Jason Deacon Team : Web Development Tags : Web Development

Performance-oriented search system for websites

Jason Deacon Team : Web Development Tags : Web Development

When allowing users to search your website you need to consider the system that will perform the actual search in the background. Many clients will choose to have Google search integrated which is perfectly adequate if you have a large public facing content website, but as soon as you want users to be able to search content which is protected through registration, or want users to search using very specific criteria (value X > 30, value Y contains "blue") then you need to look elsewhere.

Enter Lucene.NET. Lucene.NET is a .NET port of the Java-based search system, Lucene. Lucene.NET is used in tens of thousands of applications in production environments world-wide and is very robust, performant and flexible. In fact if you have used Umbraco, then you've indirectly used Lucene.NET, as Umbraco uses Examine, which internally uses Lucene.NET. The integration is typical of using a search system and very straight forward, you index it with content which is made up of one or many fields of data and then you query that index.

Typically you would have your web application update the content through Lucene.NET so it can add/update the data in its internal index (which is stored on disk, rather than in a SQL database). When you tell Lucene.NET to update its index, you create a 'Document' and add fields of data to that document, telling Lucene.NET about what it should do with the data regarding indexing and storage. This is important because when you perform a query against Lucene.NET and it returns results, you are only going to get the fields of data that you specified Lucene.NET should store.

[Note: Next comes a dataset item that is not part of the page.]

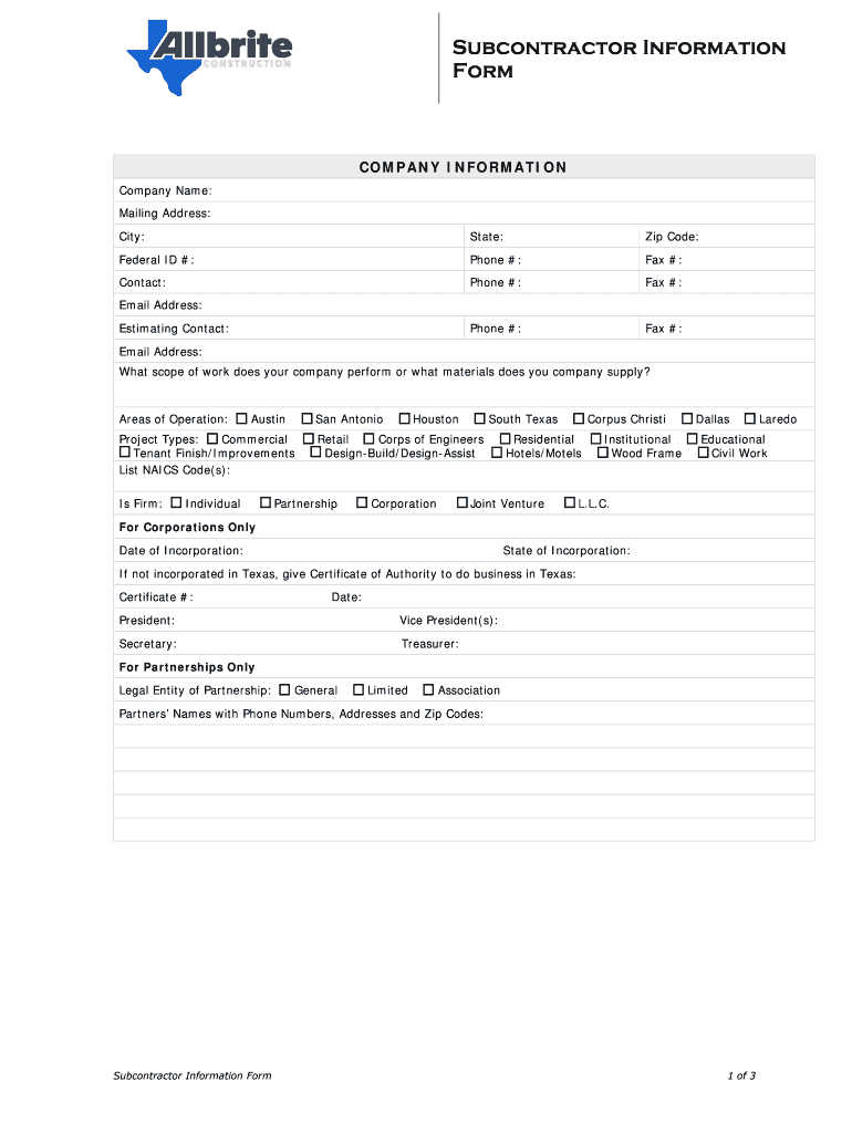 Edit your subcontractor information form form online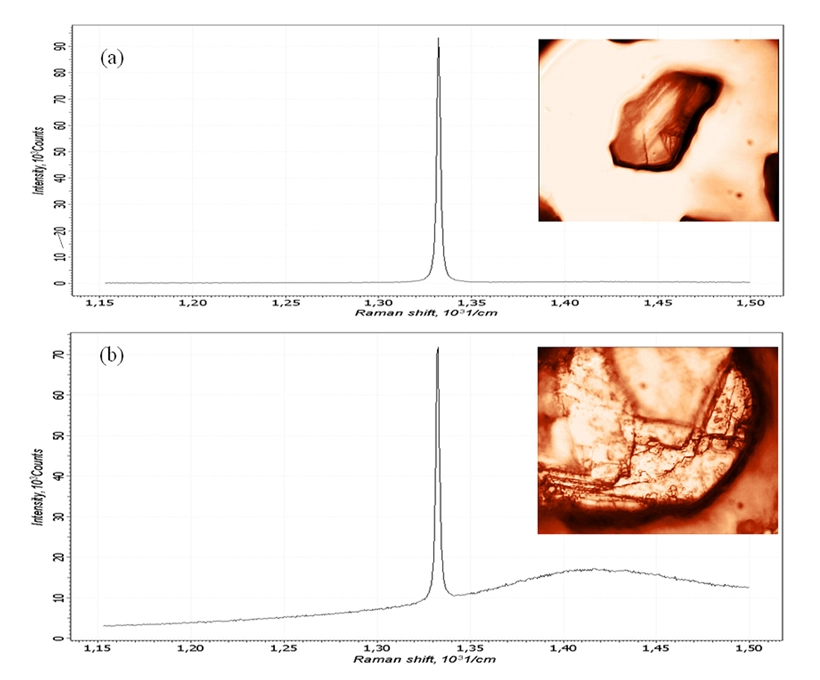 Raman spectrum of a stress free diamond microcrystal contains a sharp peak at 1332 cm-1 (Fg.1a). The full width at half maximum (FWHM) of this peak is ~1.7 cm-1. Any deviation from the “perfect” parameters may be indicative of the presence of strain in diamond. Complimentary to the Raman spectroscopy, the broadband photoluminescence peak (Fig.1b) is associated with color NV centers. The intensity of peak shows defects concentration in diamond crystals.

For example, if you were indexing a News item which had the following internal fields:

Id Title Date Created Short Description Full Content Author Name Last Modified By User Created By User Previous Version

You would typically tell Lucene.NET:

Id Store only
Title Store only
Date Created Store only
Short Description Store only
Full Content Store only
Author Name Store only
Last Modified By User Don't add to the document
Created By User Don't add to the document
Previous Version Don't add to the document
IndexContent: (Title + Short Description + Full Content + Author Name) Index Only

Excluding fields that are not relevant to the content to be shown to the user, or used to identify the content (it's Id) keeps the Lucene.NET indexes small and fast. The approach of having a combined field with the other data in it is just for simplicity for querying. Instead of telling Lucene.NET to first index, and then query multiple fields given the users keywords, you can just specify a single field and know exactly the content that will be searched. It's more of a time saver than a required approach when integrating Lucene.NET.

Also, by placing 'store only' fields in the Lucene documents it means that when you perform a query and get back a set of results, you should have all the information you need to display that piece of data in a search result listing, and maybe even in it's entirety which is a massive performance increase over having to perform a search query first, then retreive all matching data from your data store based on the results you get back.

Using this approach we have been able to index over one hundred thousand documents (a process which takes mere seconds when done correctly) and perform queries against them in less than 10ms.

Also, when working with Lucene (especially when developing the search queries) it helps to be able to visualise what Lucene is actually doing with your query. For that, you can use a tool called Luke which you can get from here (http://www.getopt.org/luke/). You will be able to see exactly what data you are getting back when you perform a specific query, and also be able to play around with query syntax to ensure that your code is generating the correct query when users perform searches.

Of course there's no such thing as a silver bullet, and with Lucene.NET there are a few things to keep in mind. First, the first application which uses a common Lucene.NET index location on disk holds a lock on those files, meaning that multiple applications can not use the same index at the same time. This is only really a problem if you plan on having your CMS index content that the users create and if it's a separate application (Umbraco is one instance for front end and CMS, so there are no locking issues there).